This post is one of an ongoing series on the history of the Virginia Glee Club.
Today, I heard something that hasn’t been widely heard in about seventy years: a recording of members of the Virginia Glee Club made in 1933.
Prior posts in this series have focused on the period from the 1890s to the early 1920s. (For a reminder: 1871, 1893, 1894 and the 1894 tour, 1906, 1910, 1912, 1916-1921, and a survey of directors from 1878 to 1989.) The trail of historical evidence about the Club goes a little cold in the 1920s–perhaps because the Club became, during this period, a full-on curricular option under the direction of the first head of the newly formed Mcintire Department of Music, Arthur Fickénscher. Things … quieted down a bit. There’s no indication of more musical theatre performances and precious little press coverage, aside from a performance at the creation of the Thomas Jefferson Foundation in 1923.

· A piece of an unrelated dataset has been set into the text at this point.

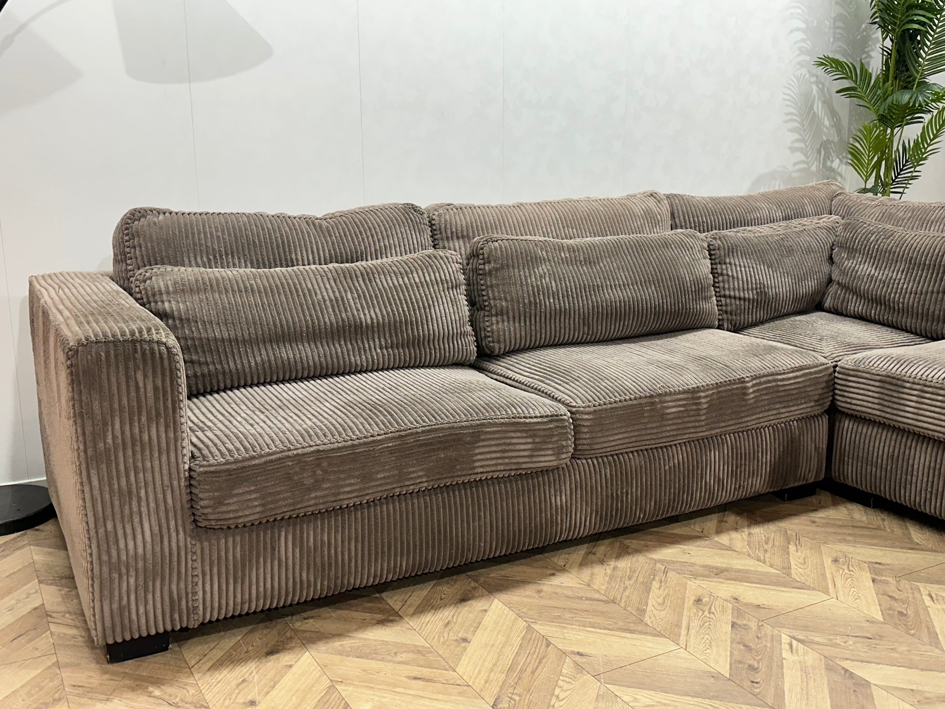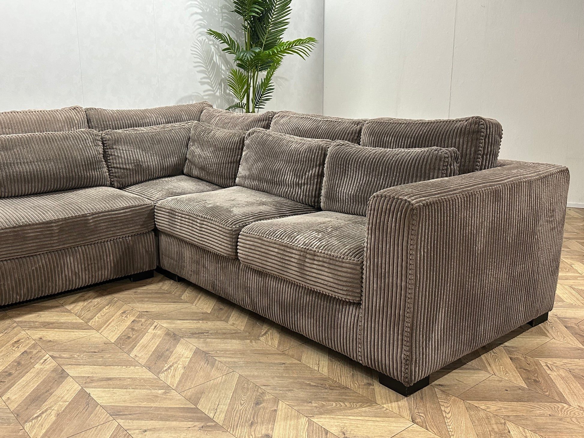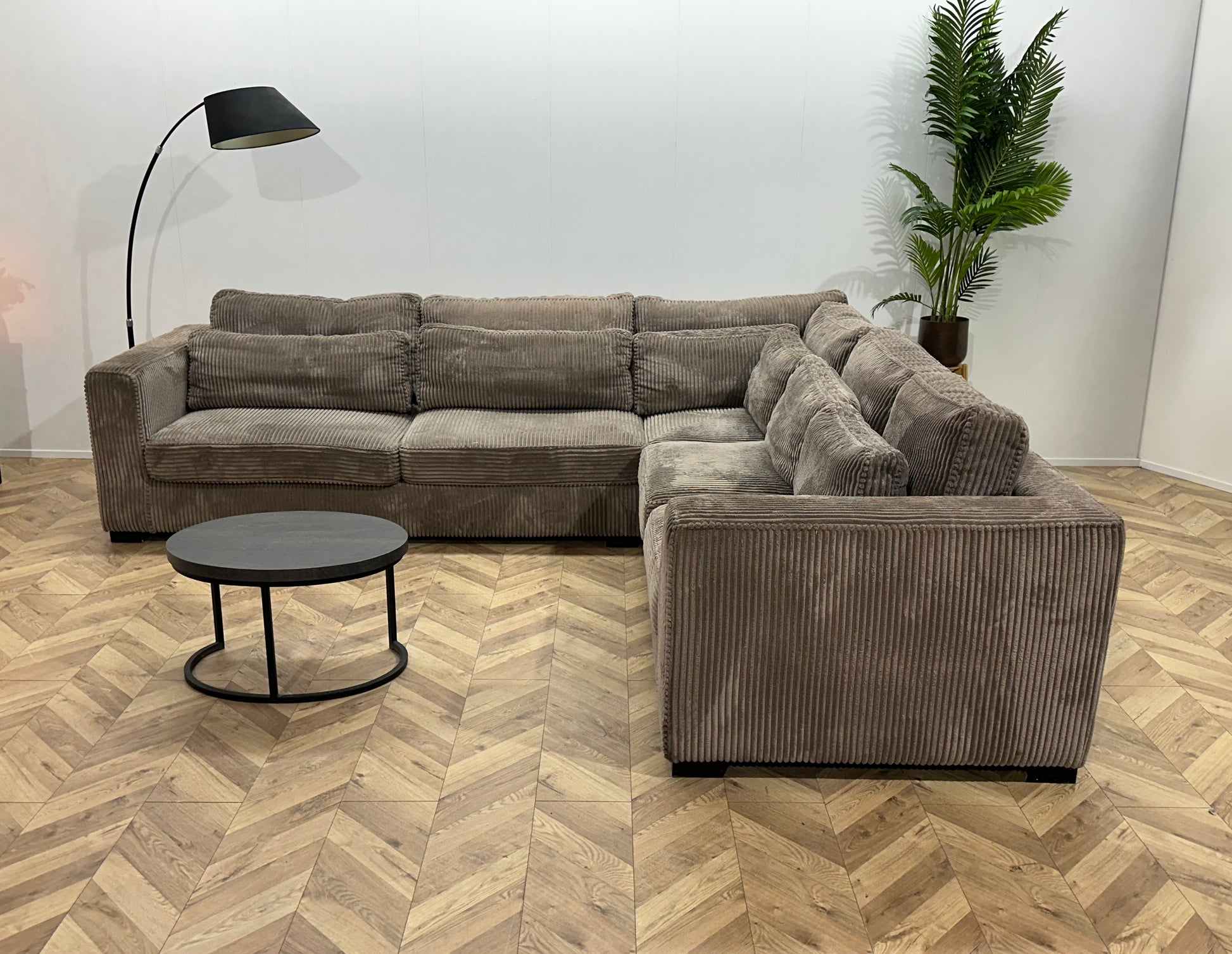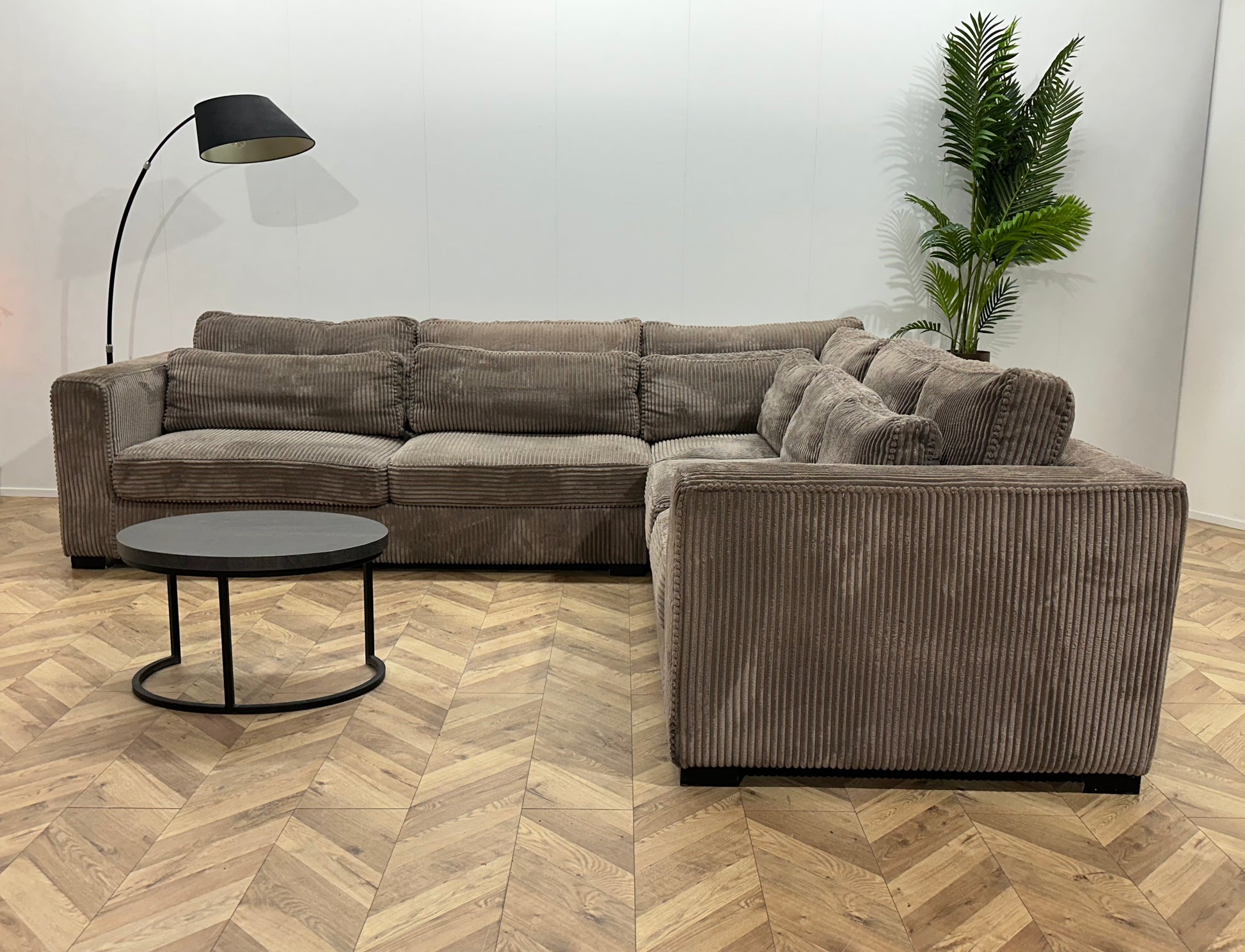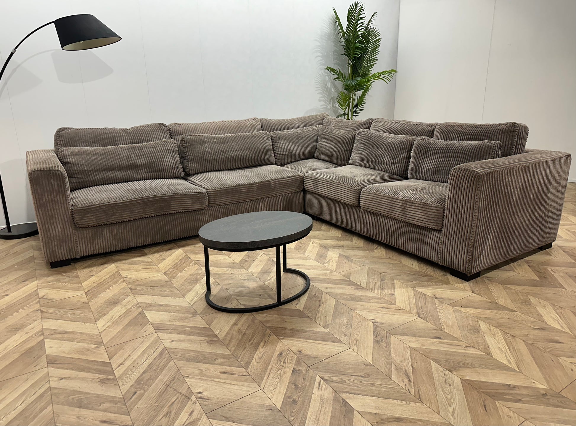 Licht Bruine Ribstof Hoekbank ~ Losse Kussens Met Afneembare Hoezen

In the early 1930s, things changed, and as so often with the group, it happened with a change of director. Fickénscher grew up in California but was tied to the European tradition, having both studied and taught in Germany; his successor, Harry Rogers Pratt, was a colorful man who was all American. In the 1930s the Club started reaching out again: performances at various high society gatherings at the Greenbriar (1932) and Hot Springs (1933, 1934, 1935), performances in New York for the Club’s 50th anniversary in 1936, and a much publicized tiff with Wagner in 1939, in which the boys of the Club on the eve of world war refused to sing the original words of the final chorus of Die Meistersinger and its praise of the German masters of the art of song.
And now, we know, the group was branching out in other ways as well. As I trolled the catalog of the UVA library in search of more clues to the Glee Club’s past, I found a recording I had never heard of, by a group I had never heard of–the Tin Can Quartet of the Virginia Glee Club, on a 16″ aluminum transcription record from 1933. A further Google search for the group turned up exactly one reference to them–in a presentation from the preservation department at UVA. And a contact to the author turned up two MP3 files, all that could be recovered from the record.
I should note that this isn’t the full Virginia Glee Club. Instead, this barbershop group was “of” the Virginia Glee Club, in much the same way that the Virginia Gentlemen would start as an octet of the Club exactly 20 years later. And the repertoire isn’t Club repertoire, either–instead, the traditional barbershop songs “Aura Lee”, “I Want a Girl (Just Like the Girl Who Married Dear Old Dad)”, and “I’ve Been Working on the Railroad” take pride of place. But the harmonies are tight and the recording is quite good–just about as good as any recording I’ve heard from the pre-war era. I’m trying to resolve copyright questions to figure out if the music can be freely shared, but in the meantime I’m just kind of basking in the light of discovery. Update: The copyright on the recordings is owned by the University of Virginia, so alas no audio samples on this blog…
Oh, and the photo? The 1930s were also when UVA professor Ernest Mead was in the group as a student. And that’s Harry Rogers Pratt front and center. No photos are known to exist of the Tin Can Quartet, but I might have to drop Mr. Mead a note and see what he remembers…
Very cool. This is fun stuff. 🙂
Oh my god! That *is* Ernest Mead! Wow.